Problem to work on>
From the line that contains "16 Deep Learning Solid Icons Set Icon Set" to the last line of the data below, transcribe every line exactly. Do not include the pictures.
Input data section start
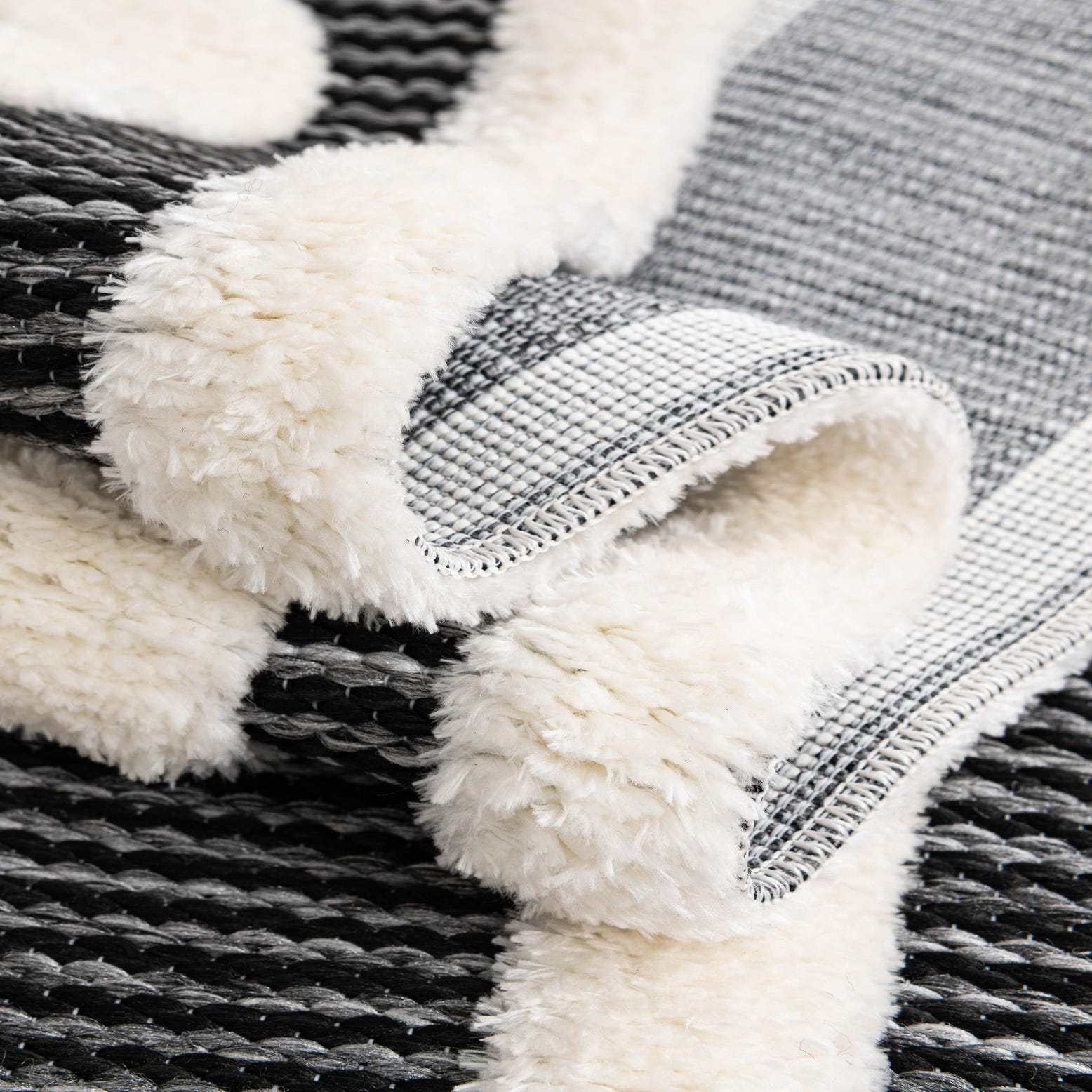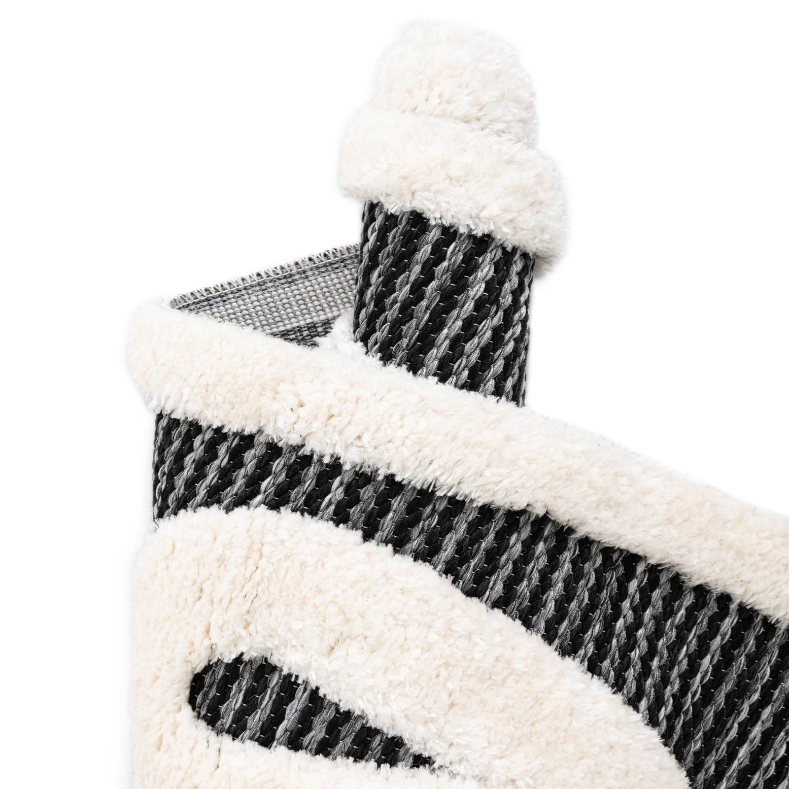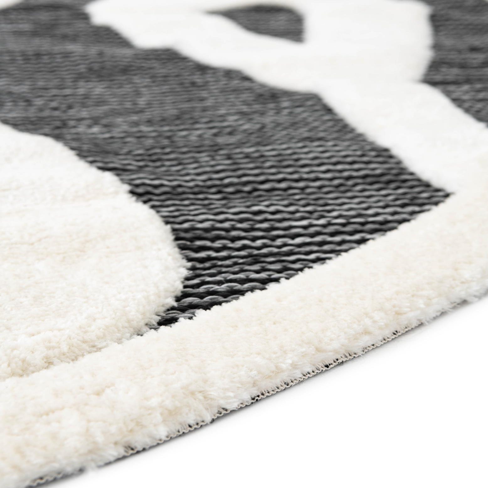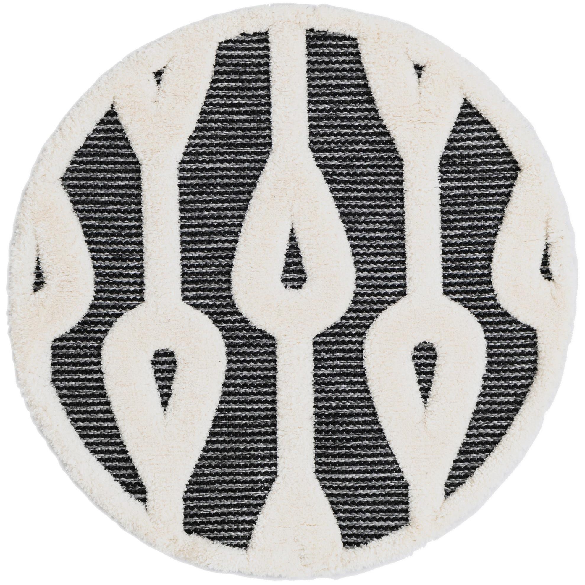 A 3' round gray and white rug with a bold, abstract geometric pattern, featuring a textured pile.
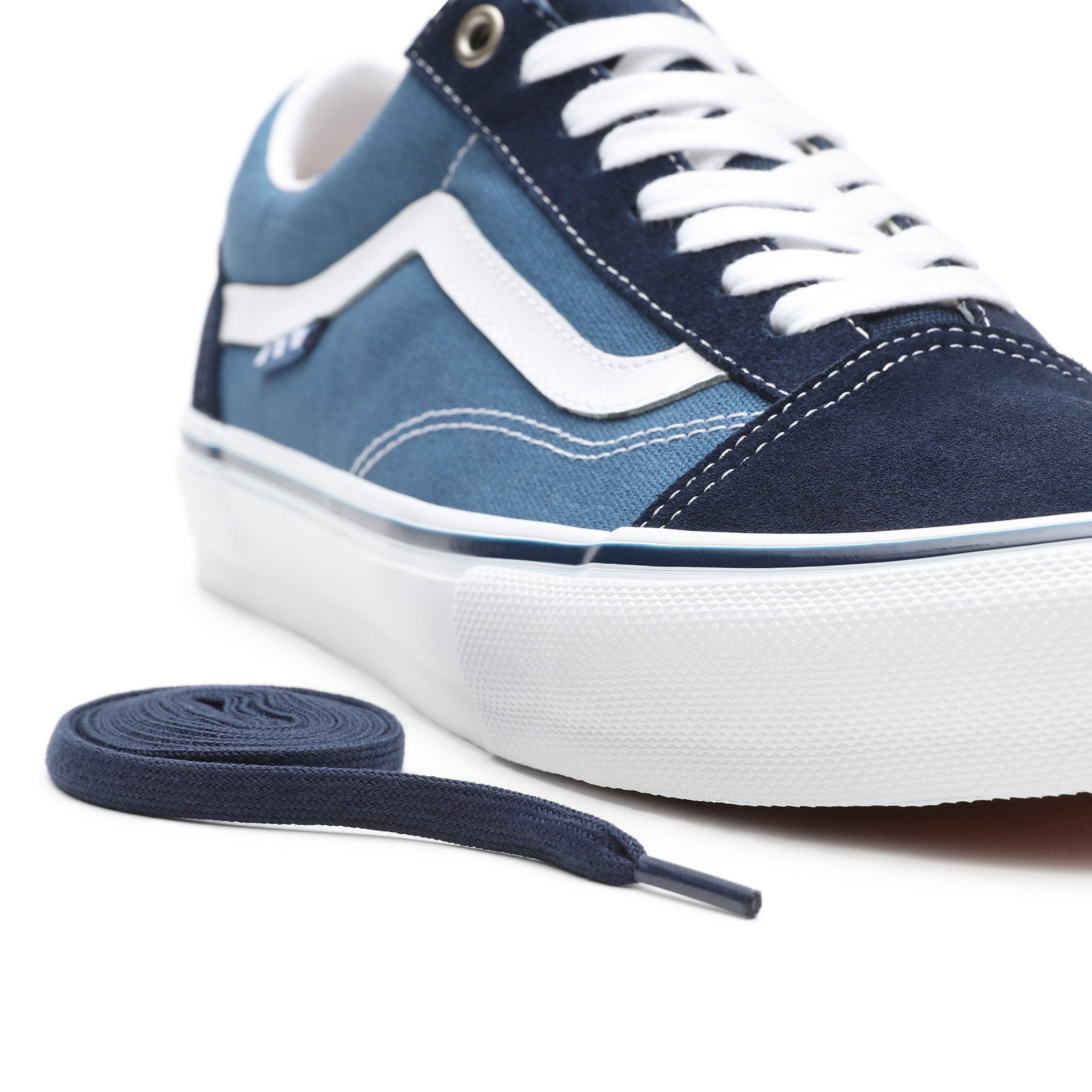 De Vans Skate Old Skool Navy/White is de verbeterde Old Skool versie van de originele en inmiddels iconische lage schoen van Vans. Deze schoen heeft een bovenwerk van stevig canvas, de klassieke look van Vans, metalen veteroogjes en de kenmerkende rubberen wafelzool.
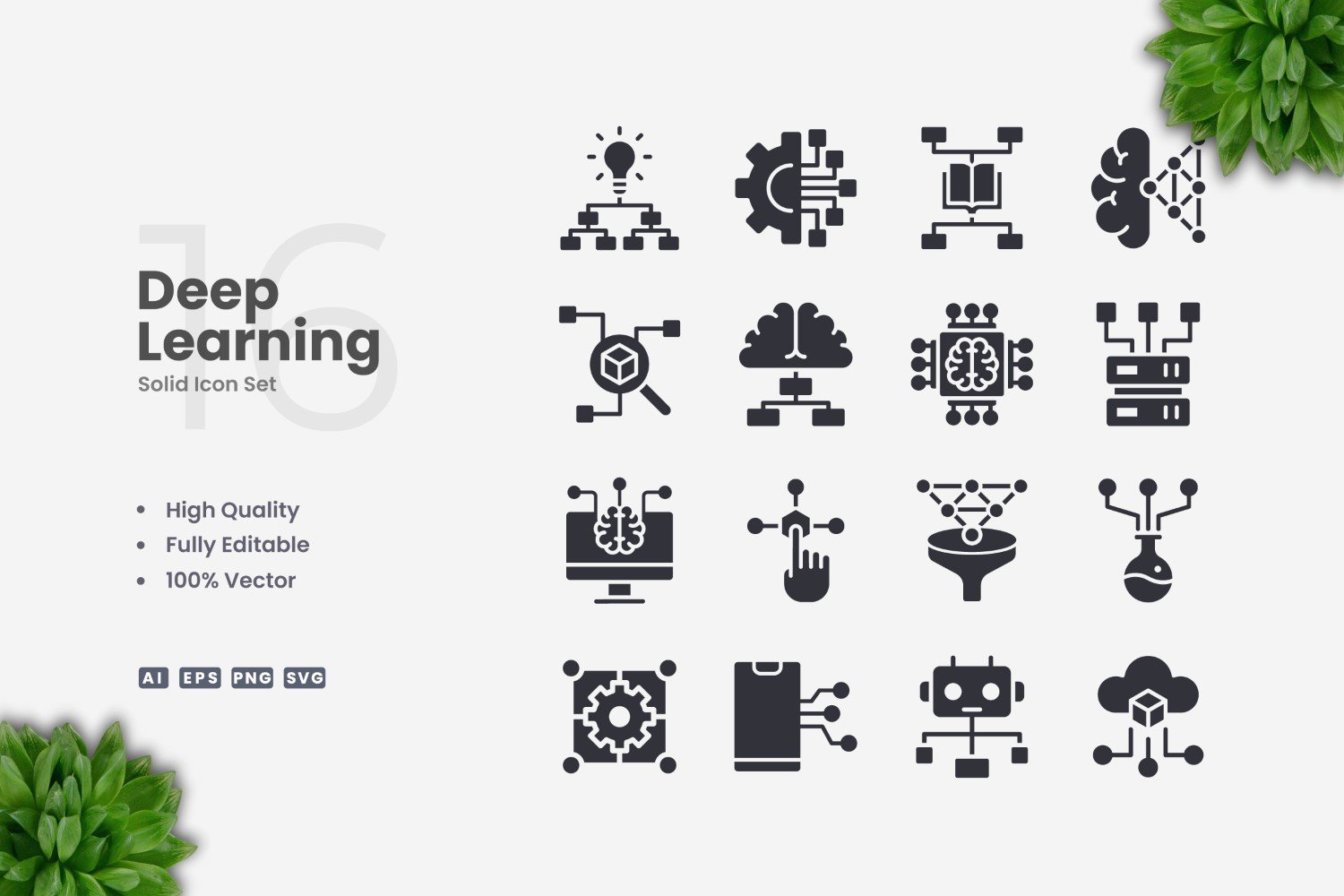16 Deep Learning Solid Icons Set Icon Set
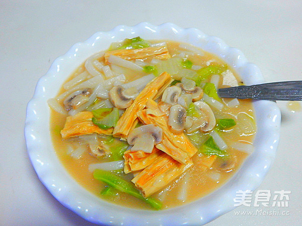 新年第三天吃的一道快捷早餐是为了吃饱点,一早出门玩不会早早饿肚子 主料 白菜100克 腐竹80克 年糕500克 口蘑30克 辅料 水2碗 浓汤宝1个 盐4克 生抽3克 白菜腐竹煮年糕的做法 1.白菜清洗干净切好 2.口蘑切片 3.锅里加油倒入白菜炒 4.大火炒软 5.然后加入2碗水 6.煮开后加入一个浓汤宝 7.大火炖8分钟 8.然后加入年糕 9.炒匀后加入口蘑 10.在大火煮五分钟 11.然后加入盐及腐竹 12.加一点生抽 13.煮至年糕熟即可关火 14.煮好装盘 烹饪技巧 年糕加入的时候一定要多搅拌不然容易沾锅
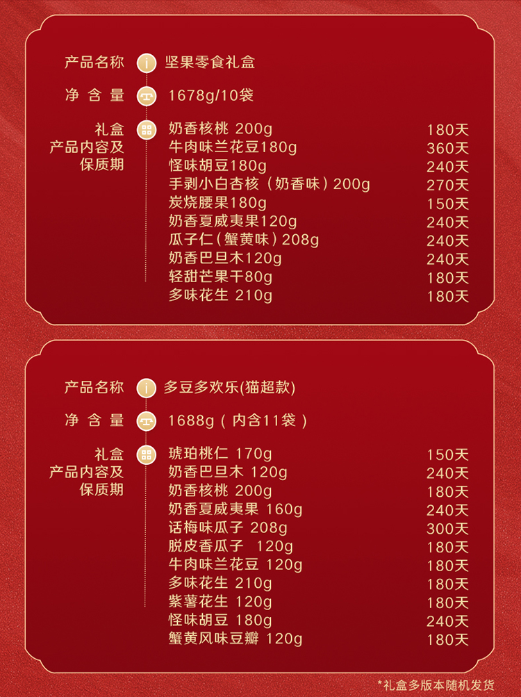 这款良品铺子 坚果礼盒,共11袋/1168g,包括琥珀桃仁 170g、奶香巴旦木 120g、奶香核桃 200g、奶香夏威夷果 160g、话梅味瓜子 208g、脱皮香瓜子 120g、牛肉味兰花豆 120g、多味花生 210g、紫薯花生 120g、怪味胡豆 180g、蟹黄风味豆瓣 120g。
Input data section end
Solution for this exercise>
16 Deep Learning Solid Icons Set Icon Set
 新年第三天吃的一道快捷早餐是为了吃饱点,一早出门玩不会早早饿肚子 主料 白菜100克 腐竹80克 年糕500克 口蘑30克 辅料 水2碗 浓汤宝1个 盐4克 生抽3克 白菜腐竹煮年糕的做法 1.白菜清洗干净切好 2.口蘑切片 3.锅里加油倒入白菜炒 4.大火炒软 5.然后加入2碗水 6.煮开后加入一个浓汤宝 7.大火炖8分钟 8.然后加入年糕 9.炒匀后加入口蘑 10.在大火煮五分钟 11.然后加入盐及腐竹 12.加一点生抽 13.煮至年糕熟即可关火 14.煮好装盘 烹饪技巧 年糕加入的时候一定要多搅拌不然容易沾锅
 这款良品铺子 坚果礼盒,共11袋/1168g,包括琥珀桃仁 170g、奶香巴旦木 120g、奶香核桃 200g、奶香夏威夷果 160g、话梅味瓜子 208g、脱皮香瓜子 120g、牛肉味兰花豆 120g、多味花生 210g、紫薯花生 120g、怪味胡豆 180g、蟹黄风味豆瓣 120g。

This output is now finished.